The offset lobes of the first pair of cams ensure that the outer cam surface of at least one of the sets of cams engages the inner surface of the housing while the other set is disengaged, or relaxed, and is free to rotate a small amount. Thus, the outer surfaces of each of the first pair of cams engage the inner surfaces of corresponding cams of the second pair, with the offset lobes of the first pair shifting the two cams of the second pair in opposite directions, radially inwardly and outwardly with respect to each other as the drill stem rotates. This causes the corresponding cams of the third pair to shift radially inwardly and outwardly and causes the outer surface of first one and then the other of the corresponding cams of the third pair to disengage from the inner surface of the housing while the other engages the housing.

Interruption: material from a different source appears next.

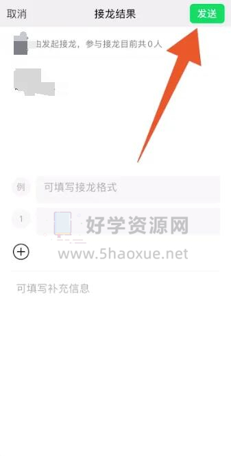4.最后我们输入接龙内容,点击发送即可在微信中发起接龙。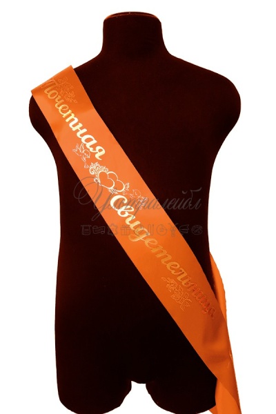 Лента свидетельницы - апельсиновая с золотом

As the drill stem rotates to alternately engage and release the sets of cams, one cam of each pair is engaged and the other of each pair is disengaged. The disengaged cams can easily be incrementally rotated by their respective drivers; for example, in steps of up to about 3 degrees, the relative rotation of cams in a pair being limited by the linkage between them. The drill stem is shifted laterally with respect to the housing by the location of the engaged cams, while the disengaged cams can be rotated as desired to shift the amount and the direction in which the drill stem will be bent when the first pair of cams on the drill stem rotates to bring them into engagement with the housing. The rotation of the drill stem, and thus of the first pair of cams, causes first one and then the other set of cams to engage the housing, with the released cams being rotatable to adjust the direction of bend in incremental steps and to adjust the amount of bend in incremental steps by controlling the alignment of the lobes in the second and third pair of cams.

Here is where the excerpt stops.